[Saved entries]
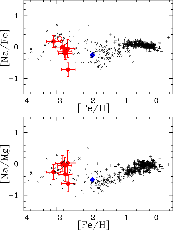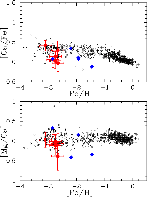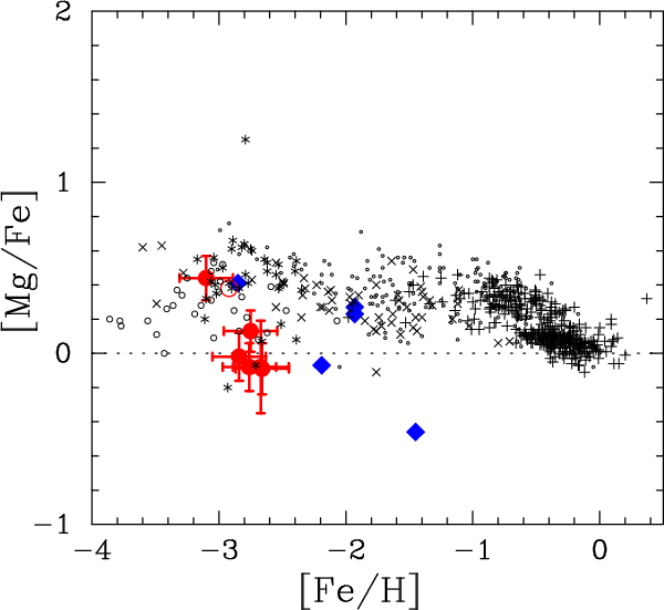 - The Mg/Fe ratios of extremely metal-poor red giants in the Galactic halo are shown in Fig. 2. These values are adopted from Cayrel et al. (2004), Honda et al. (2004) and Aoki et al. (2005). As discussed by Aoki et al. (2005), there is a small systematic differences in the [Mg/Fe] values between Cayrel et al. (2004) and the other two papers: over the metallicity range of -3.2 < [Fe/H] < -2.5, which is that studied here, the average of the [Mg/Fe] = +0.30 in Cayrel et al. (2004), while it is +0.42 in Honda et al. (2004) and Aoki et al. (2005). We note that the remarkably Mg-enhanced ([Mg/Fe] = +1.25) star BS 16934-005 (Aoki et al. 2007b) is excluded from the sample of Aoki et al. (2005).
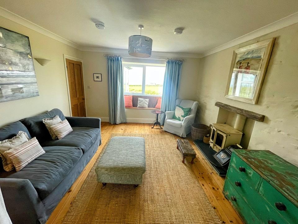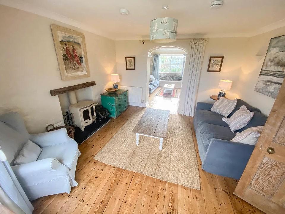 Connected to the kitchen/diner are two generously sized sitting rooms, which are separated by a beautiful, heavy curtain. This allows guests to have their own space - some may choose to watch TV while others can relax with a book by the wood-burning stove.
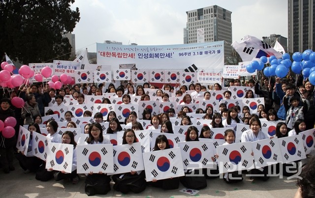 서울 광화문 시민열린마당에서는 서울국학원 주관으로, 96주년을 기념하여 96명 유관순의 3.1만세 퍼포먼스 및 대형 태극(지름 5m) 카드섹션, 그리고 아리랑 태극댄스 등 다채로운 퍼포먼스가 펼쳐졌다. 초중고 학생들이 독도 댄스도 췄다. 또한 500여 명 이상의 시민들도 태극 풍선을 들고 함께 만세에 참여했다.
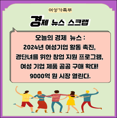 정부가 여성 창업케어프로그램을 여대생에서 경력단절 여성 중심으로 개편하고, 미래 여성경제인 육성사업을 확대하는 계획을 세웠습니다. 중소벤처기업부는 이를 위해 2024년 여성기업 활동 촉진 시행계획을 발표했습니다. 여성기업제품 공공구매 규모는 2023년 11조 3000억 원에서 9000억 원이 늘어나 12조 2000억 원으로 운영될 예정입니다.
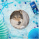 Animais, vida selvagem, festa de aniversário selvagem, lenhador. Foto de uma cabeça de lobo. Um lobo amigável com um sorriso no rosto. É inverno com fundo branco de neve. Um prato para a festa de aniversário 7 de um menino. Com o texto: Feliz Aniversário (x2) Modelo para o nome da criança, letras negras. Texto curvo.

_Assignment:_
Give back only the lines from the one that carries "정부가 여성 창업케어프로그램을" through the final line above, both included. Drop all pictures.

_Your response:_
 정부가 여성 창업케어프로그램을 여대생에서 경력단절 여성 중심으로 개편하고, 미래 여성경제인 육성사업을 확대하는 계획을 세웠습니다. 중소벤처기업부는 이를 위해 2024년 여성기업 활동 촉진 시행계획을 발표했습니다. 여성기업제품 공공구매 규모는 2023년 11조 3000억 원에서 9000억 원이 늘어나 12조 2000억 원으로 운영될 예정입니다.
 Animais, vida selvagem, festa de aniversário selvagem, lenhador. Foto de uma cabeça de lobo. Um lobo amigável com um sorriso no rosto. É inverno com fundo branco de neve. Um prato para a festa de aniversário 7 de um menino. Com o texto: Feliz Aniversário (x2) Modelo para o nome da criança, letras negras. Texto curvo.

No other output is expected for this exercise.